An interesting article in the Guardian discusses the impressive drop in gun homicides in the Bay Area. As San Francisco and other cities experience an increase in wealth (my decidedly nonscientific index is the presence of Teslas on the streets) we are also experiencing dramatic waves of homelessness and abject poverty (the article estimates 30,000 homeless people in the Bay Area; a few years ago the conservative estimate for SF alone was almost 7,000). So how did we manage to reduce gun violence? The Bay Area has seen a considerable decline in gun homicide. The map in the article observes that the trend was most pronounced for “gentrifying cities”—San Francisco, Oakland, and Richmond. Homicide rates dropped modestly in other places. The only significant uptick was in Stockton, which is facing bankruptcy.

How did this happen? The article opines:

There’s early evidence that local violence prevention strategies – including a refocused, more community-driven “Ceasefire” policing strategy, and intensive support programs that do not involve law enforcement at all – were a “key change” contributing to these huge decreases.


One of these programs is Operation Advance Peace, which was adopted in Sacramento following its success in Richmond.
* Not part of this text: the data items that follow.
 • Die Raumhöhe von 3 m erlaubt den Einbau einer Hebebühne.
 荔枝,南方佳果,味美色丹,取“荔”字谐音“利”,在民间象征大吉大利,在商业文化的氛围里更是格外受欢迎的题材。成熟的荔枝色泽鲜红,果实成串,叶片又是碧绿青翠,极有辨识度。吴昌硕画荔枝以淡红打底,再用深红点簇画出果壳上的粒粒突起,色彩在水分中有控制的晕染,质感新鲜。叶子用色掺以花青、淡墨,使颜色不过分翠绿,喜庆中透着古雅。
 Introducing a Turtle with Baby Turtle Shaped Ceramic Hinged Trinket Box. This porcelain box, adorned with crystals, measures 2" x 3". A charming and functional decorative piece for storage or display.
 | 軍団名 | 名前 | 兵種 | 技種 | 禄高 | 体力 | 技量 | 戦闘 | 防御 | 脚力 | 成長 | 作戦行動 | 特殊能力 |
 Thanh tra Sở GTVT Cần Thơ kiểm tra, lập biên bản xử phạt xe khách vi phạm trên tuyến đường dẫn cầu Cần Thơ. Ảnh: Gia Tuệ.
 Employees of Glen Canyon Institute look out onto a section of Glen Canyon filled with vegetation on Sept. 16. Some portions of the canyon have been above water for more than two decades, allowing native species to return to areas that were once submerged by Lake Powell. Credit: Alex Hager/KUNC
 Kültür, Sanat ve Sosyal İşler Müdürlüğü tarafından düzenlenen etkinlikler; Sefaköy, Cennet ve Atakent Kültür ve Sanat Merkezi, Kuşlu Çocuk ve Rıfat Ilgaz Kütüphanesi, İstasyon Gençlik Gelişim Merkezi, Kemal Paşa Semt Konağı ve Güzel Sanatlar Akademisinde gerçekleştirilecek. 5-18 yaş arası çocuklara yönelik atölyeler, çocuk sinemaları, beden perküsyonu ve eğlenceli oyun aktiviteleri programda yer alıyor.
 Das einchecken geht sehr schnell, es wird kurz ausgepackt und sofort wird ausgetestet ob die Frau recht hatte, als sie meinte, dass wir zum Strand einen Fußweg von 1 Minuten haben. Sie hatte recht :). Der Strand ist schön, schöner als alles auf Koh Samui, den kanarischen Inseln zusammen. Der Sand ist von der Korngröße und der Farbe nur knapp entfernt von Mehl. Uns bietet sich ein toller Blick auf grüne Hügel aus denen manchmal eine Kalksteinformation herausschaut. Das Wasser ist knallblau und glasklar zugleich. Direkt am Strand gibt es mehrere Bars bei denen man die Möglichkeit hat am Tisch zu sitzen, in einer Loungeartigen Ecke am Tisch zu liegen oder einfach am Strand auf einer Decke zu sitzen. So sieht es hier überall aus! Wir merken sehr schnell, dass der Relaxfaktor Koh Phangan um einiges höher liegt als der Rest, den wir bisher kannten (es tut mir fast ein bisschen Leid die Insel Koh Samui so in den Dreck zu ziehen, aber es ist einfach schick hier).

Also, the legacy of creative, ethical, community-minded policing espoused by previous Richmond Chief of Police, Chris Magnus (now in Tucson, AZ) is to be credited with much of this decline.

A side note: One of the things I like about the Guardian article is that, as opposed to much of the academic writing on this, it did not shy away from at least examining whether the decline in gun violence might have something to do with changing demographics in the Bay Area. Before everyone leaps to chastise me for asking, “what about black-on-black crime?” let me remind you that African Americans are not only disproportionately the victims, but the perpetrators, of violent crime in the United States. It is possible to state this fact (which is what it is) without espousing an essentialist, racist explanation (“that’s just what they’re like” or any variant of this noxious ideology): is it any wonder that years of deprivation, neglect, animosity, awful role models, and indifference create a cultural climate in impoverished neighborhoods in which gun culture can flourish? Does it come as a shock to you that “high crime” areas also tend to be low-income, high-POC neighborhoods, and that policing there is a mix of punitive overenforcement and community-oriented underenforcement? The same structural racism that produces differential enforcement also produces differential criminality. Nothing to see or say here that hasn’t been noticed and said by radical realists or plain-old sociologists of delinquency. It’s not fancy, postmodern, or ideologically pure, and it won’t get me thousands of “likes” on twitter, but it does have the advantage of being true.

And no, the decline in homicides in the Bay Area is not exclusively (or even predominantly) because of white gentrification. The article explains:

In the past 10 years, tens of thousands of black residents have moved out of Oakland and San Francisco, as skyrocketing rents and housing prices have made the cities increasingly unaffordable. But in the region as a whole, the total number of black residents has remained steady, as the number of black residents living in the Bay Area’s outlying suburbs has increased, according to annual census estimates.

Keep in mind that homicide rates have gone down for the outlying suburbs as well, and you’ll see that this is not just a by-product of changing demographics.